Author(s): Scott Douglas Jacobsen

Publication (Outlet/Website): Medium (Humanist Voices)

Publication Date (yyyy/mm/dd): 2018/07/30

Scott Douglas Jacobsen: When it comes to religion or irreligion, what was family background in it?

Rizalina Guilatco Carr: I grew up in a very religious family, just like many of us who are from the Philippines. I studied in private Catholic schools.

Jacobsen: How does personal background feed into this as well? That is, how has religion influenced you, personally?

Carr: My mother kept on having children (10 that lived, plus 2 miscarriages and 1 that died in the first few days). She would always get post-partum depression. The sisters of my mother, when presented with the option of her having an abortion to keep her sanity, could only say to my mother, “Fear God!” Only my father’s sister, who was a nurse, wanted my mother to have her “tubes tied” to stop having more children. My family’s constant fear of the church and the eternal condemnation of hell was the source of my angst. I struggled to get answers on my own, until I read the books of Richard Dawkins and then met my atheist husband.

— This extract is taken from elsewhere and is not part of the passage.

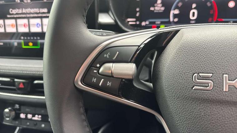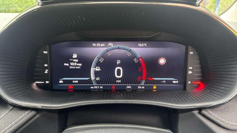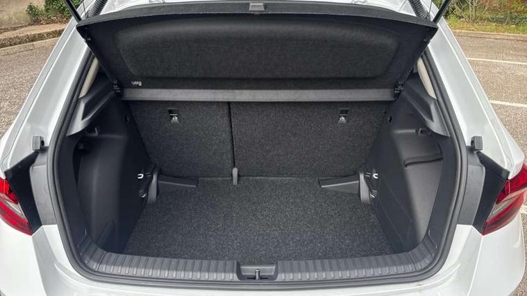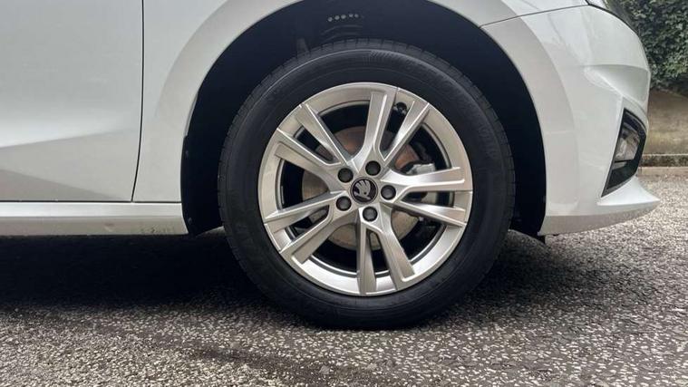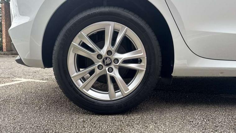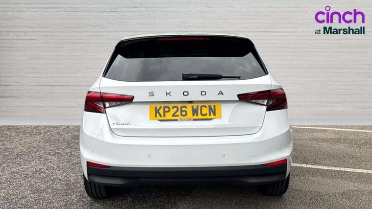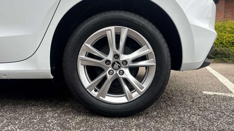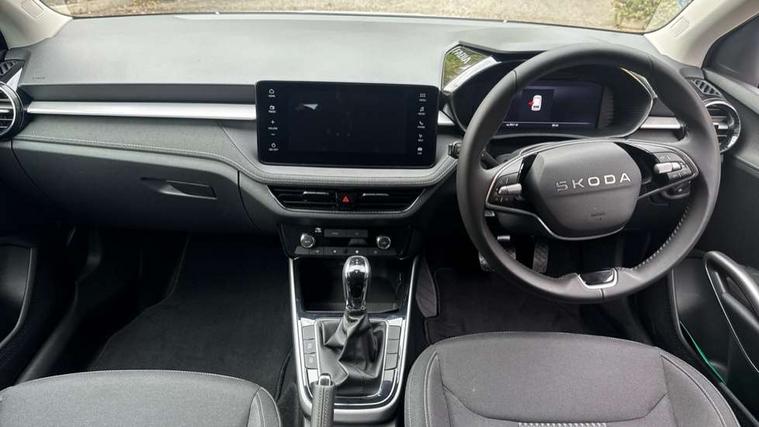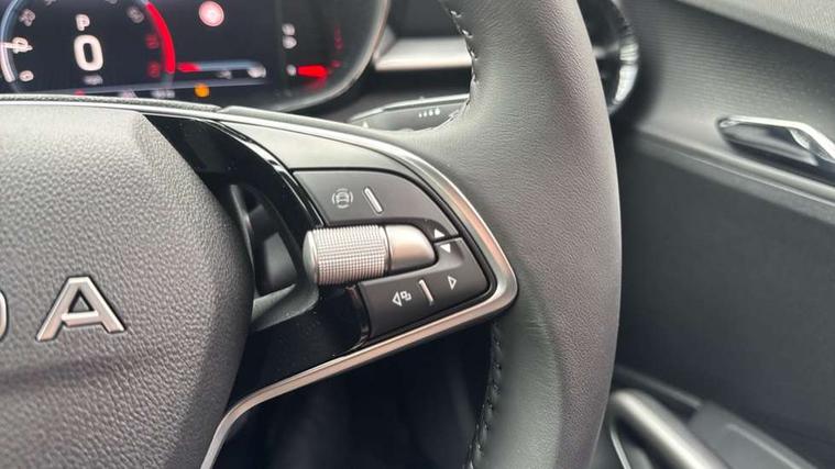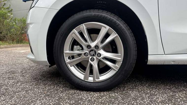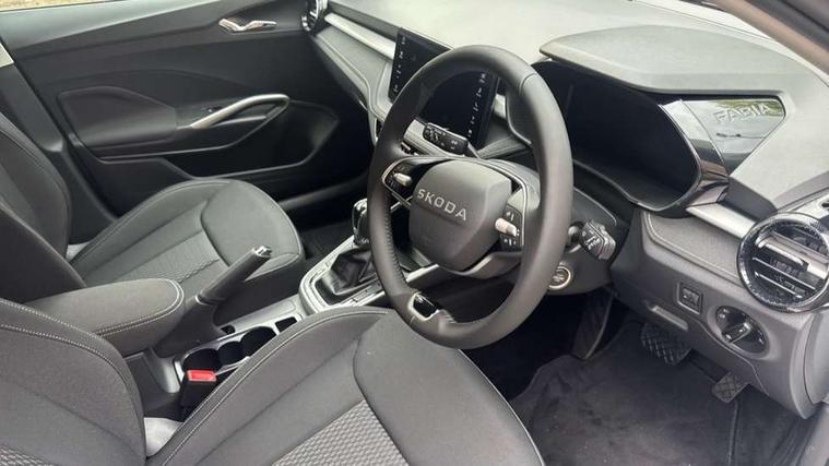 Advanced driver attention and drowsiness monitor, Bluetooth connection, Driver alert system, Electromechanical power steering, Exterior temperature gauge, Service interval indicator, Traffic sign recognition, Virtual cockpit with 10.25" colour display, Wireless SmartLink for Apple CarPlay and Android Auto, 9.2" colour display skoda navigation system with voice control and web radio, Auxiliary socket for external MP3 player, DAB digital radio reception, Auto dimming rear view mirror, Body colour door mirrors, Body coloured bumpers, Chrome window surround, Door mirror integrated indicators, Front and rear electric windows, Front window wiper intermittent control, Headlight range control - Automatic, Ice scraper in fuel cap, LED 3rd brake light, LED daytime running lights with coming and leaving home feature, LED rear lights, Privacy glass, Rear LED fog light, Rear side wing doors, Rear window wiper with washing nozzles, Roof mounted spoiler, SKODA tailgate lettering in chrome, Unique dark chrome design logo on alloy wheels, 2 LED reading lights in front and rear, 3 rear headrests, Backrest split and folding, Central console with fixed cup holder and storage box, Chrome handbrake release button, Comfort seats, Door sills with fabia badging, Dual zone air conditioning with climatronic electronic control, Fabric upholstery, Front centre armrest, Gearshift knob/handle in leather, Grain satin black interior door handles, Hand brake lever handle in leather, Height adjustable front headrests, Height adjustable front seats, Height adjustable steering wheel, ISOFIX and TopTether anchorage points to the outer rear seats, ISOFIX and TopTether on the front passenger seat, Luggage compartment lighting, Manually adjustable lumbar support in front seats, Pollen filter, Rear seat bench unsplit, Single front passenger seat, Skoda lettering on steering wheel, Storm grey headlining, Sun visors with mirror and airbag label on passenger side, Textile floor mats, Ticket holder, Ambient lighting pack - Fabia Hatchback, 3-point height adjustable front seats belts with pretensioner and force limiter, Automatic warning lights in case of crash, Driver and passengers airbag with switch off function, e-Call+, ESC including ABS, MSR, ASR, EDS, HBA and XDS, Front and rear seat belt warning, FRONT ASSIST (AEB City and AEB Inter Urban), Front side airbags, Head airbags, Hill hold control, One tone horn, Pedestrian protection, Three rear 3-points safety seat belts with pretensioner and force limiter including stop function for outer rear seat belts, Tyre pressure monitoring system, Anti-theft alarm system including immobiliser, interior monitoring, backup horn, and towing protection, Central locking with radio remote control, interior controls, SAFE function and 2 foldable keys, Chrome edged air vents, Grain satin black central console cover, Metallic grey upper decorative trim, Satin black door and side trim panel in front, Textile microsuede grey lower decorative trim with art grey stitching, Anti-theft wheel bolts protection, Super-low rolling resistance tyres,

Jacobsen: When did humanism become a practical reality for you?

Carr: Having gone through a traumatic period in my personal life, I managed to survive it without calling on a god. (“No outside intelligence!”) My husband and I didn’t mind going into personal debt to achieve what we thought was the right way of helping those for whom we cared the most and who had the ability to succeed in life, given a chance.

Jacobsen: How did you find the humanist community?

Carr: Through Facebook, I found the humanist community.

Jacobsen: What were some of your early involvements in the community? Also, how do people tend to come to the humanist community and become involved early on in their work with it?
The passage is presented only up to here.